Segment Start: EXERCISE INPUTS

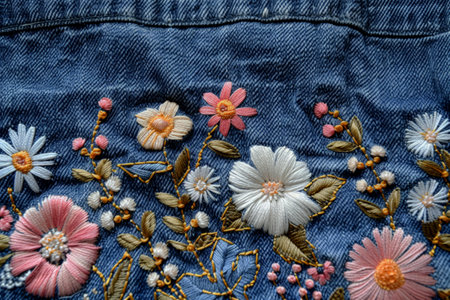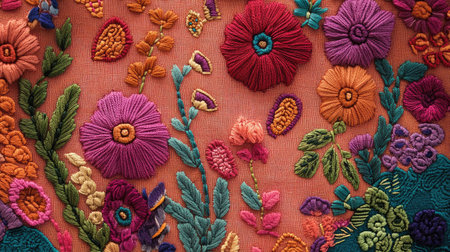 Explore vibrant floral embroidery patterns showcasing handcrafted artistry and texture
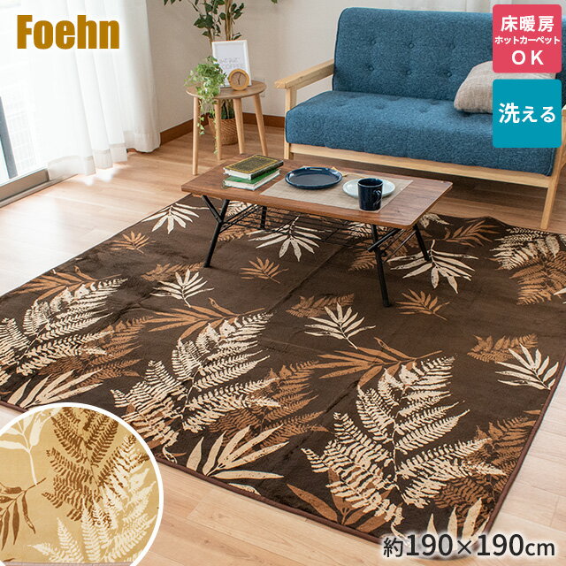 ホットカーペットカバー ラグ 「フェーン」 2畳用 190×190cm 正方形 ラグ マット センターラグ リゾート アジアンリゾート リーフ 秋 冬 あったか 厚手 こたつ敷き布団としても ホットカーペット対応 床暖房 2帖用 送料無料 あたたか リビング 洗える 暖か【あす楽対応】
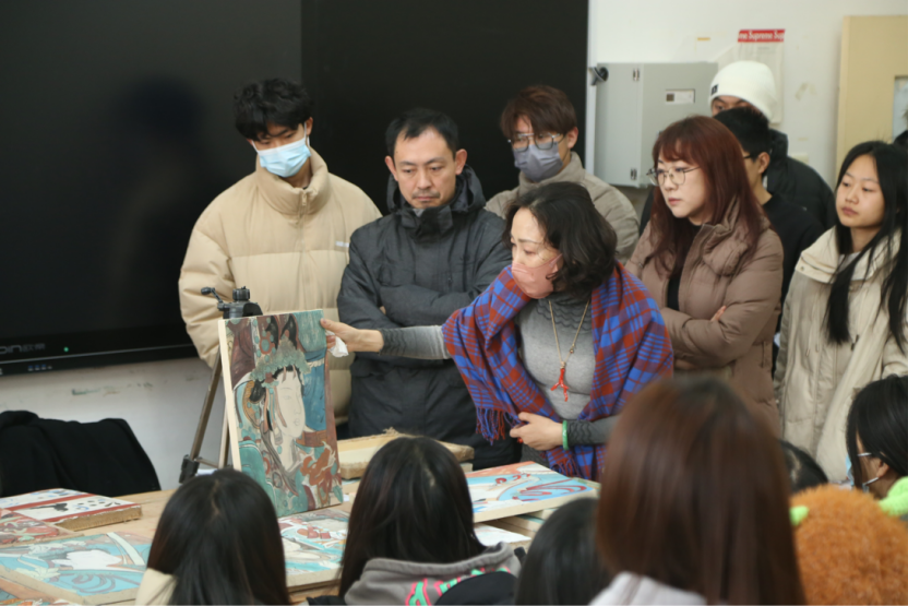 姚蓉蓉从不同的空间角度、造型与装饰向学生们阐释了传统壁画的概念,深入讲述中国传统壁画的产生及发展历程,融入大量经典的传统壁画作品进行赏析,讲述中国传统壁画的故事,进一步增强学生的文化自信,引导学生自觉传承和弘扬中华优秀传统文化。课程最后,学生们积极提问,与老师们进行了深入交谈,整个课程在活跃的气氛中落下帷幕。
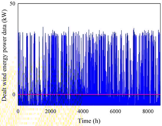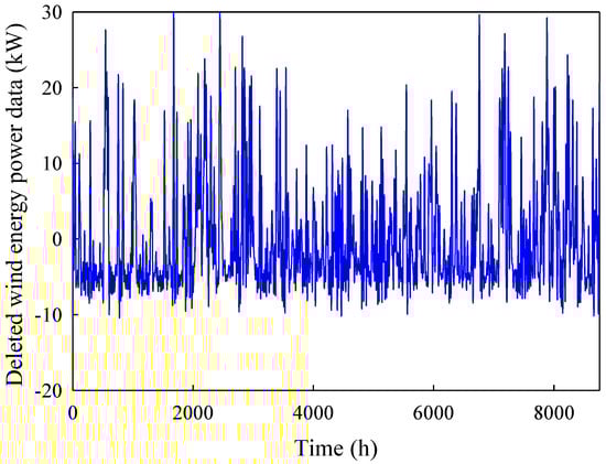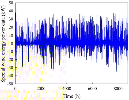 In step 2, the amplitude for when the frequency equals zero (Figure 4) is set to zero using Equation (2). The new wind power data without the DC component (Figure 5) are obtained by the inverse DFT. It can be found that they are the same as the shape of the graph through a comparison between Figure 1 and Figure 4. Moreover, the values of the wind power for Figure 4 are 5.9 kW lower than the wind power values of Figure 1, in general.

Segment End: EXERCISE INPUTS
Segment Start: EXERCISE INPUTS

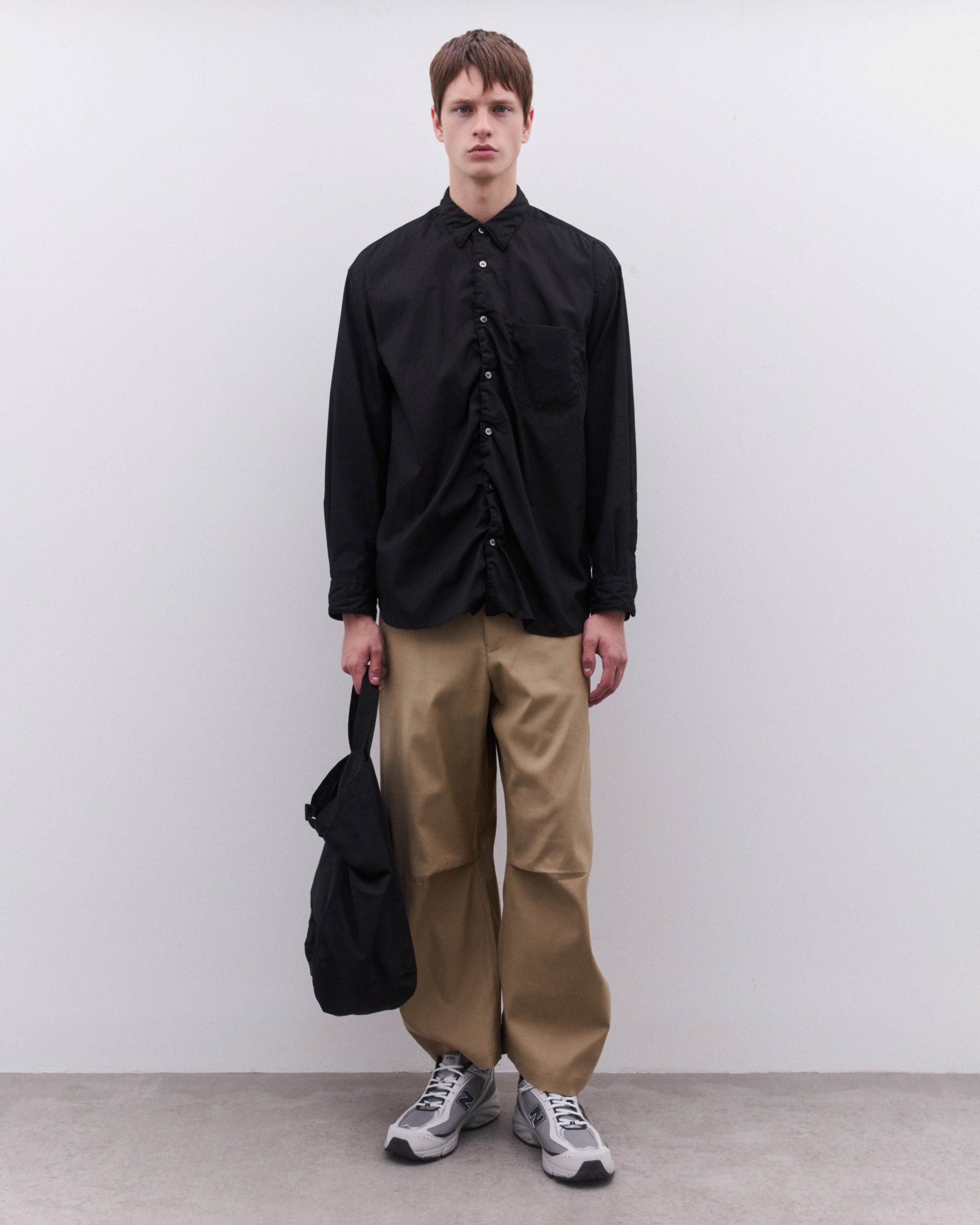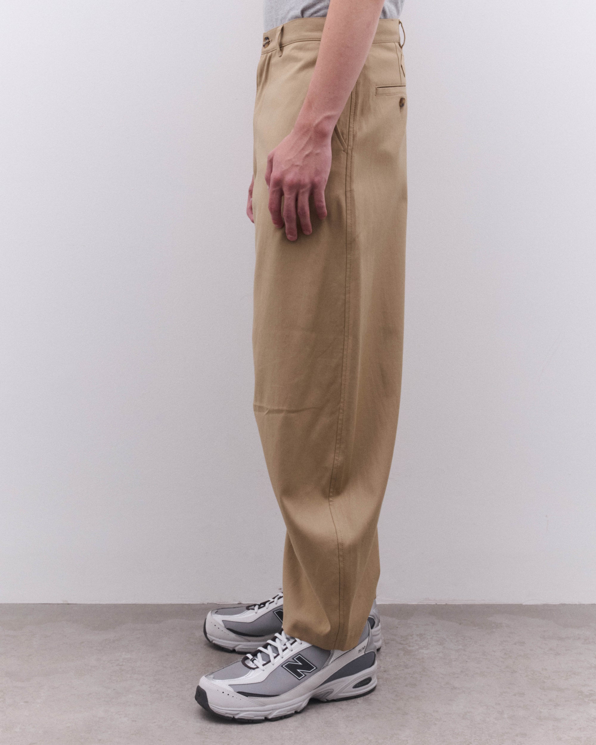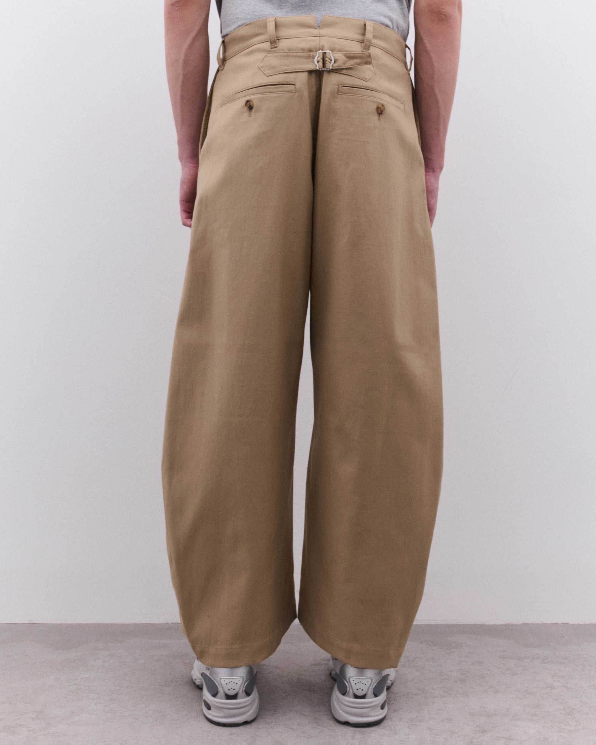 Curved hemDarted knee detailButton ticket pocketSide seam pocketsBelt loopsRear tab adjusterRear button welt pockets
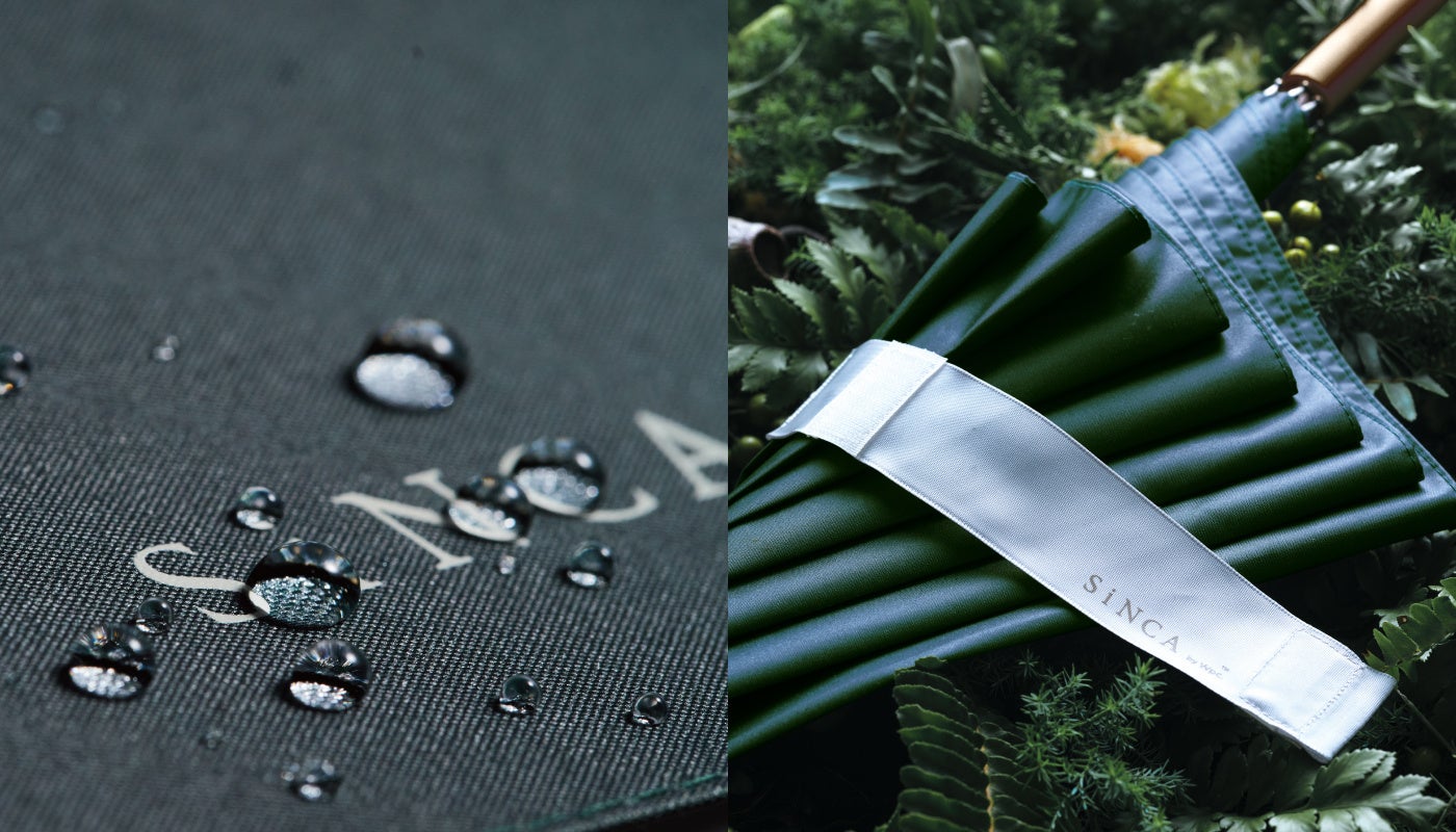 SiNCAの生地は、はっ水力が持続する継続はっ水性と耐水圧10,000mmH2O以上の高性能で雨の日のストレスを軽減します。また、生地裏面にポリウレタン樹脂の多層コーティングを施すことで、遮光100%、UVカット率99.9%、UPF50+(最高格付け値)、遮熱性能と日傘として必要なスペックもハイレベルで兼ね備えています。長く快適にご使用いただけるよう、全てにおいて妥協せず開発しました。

Segment End: EXERCISE INPUTS

__WORK TASK__
Taking the records above, print only and exactly the lines from the line with "Explore vibrant floral" to the line with "ホットカーペットカバー ラグ 「フェーン」", both kept, and exclude pictures.

__ANSWER AREA__
 Explore vibrant floral embroidery patterns showcasing handcrafted artistry and texture
 ホットカーペットカバー ラグ 「フェーン」 2畳用 190×190cm 正方形 ラグ マット センターラグ リゾート アジアンリゾート リーフ 秋 冬 あったか 厚手 こたつ敷き布団としても ホットカーペット対応 床暖房 2帖用 送料無料 あたたか リビング 洗える 暖か【あす楽対応】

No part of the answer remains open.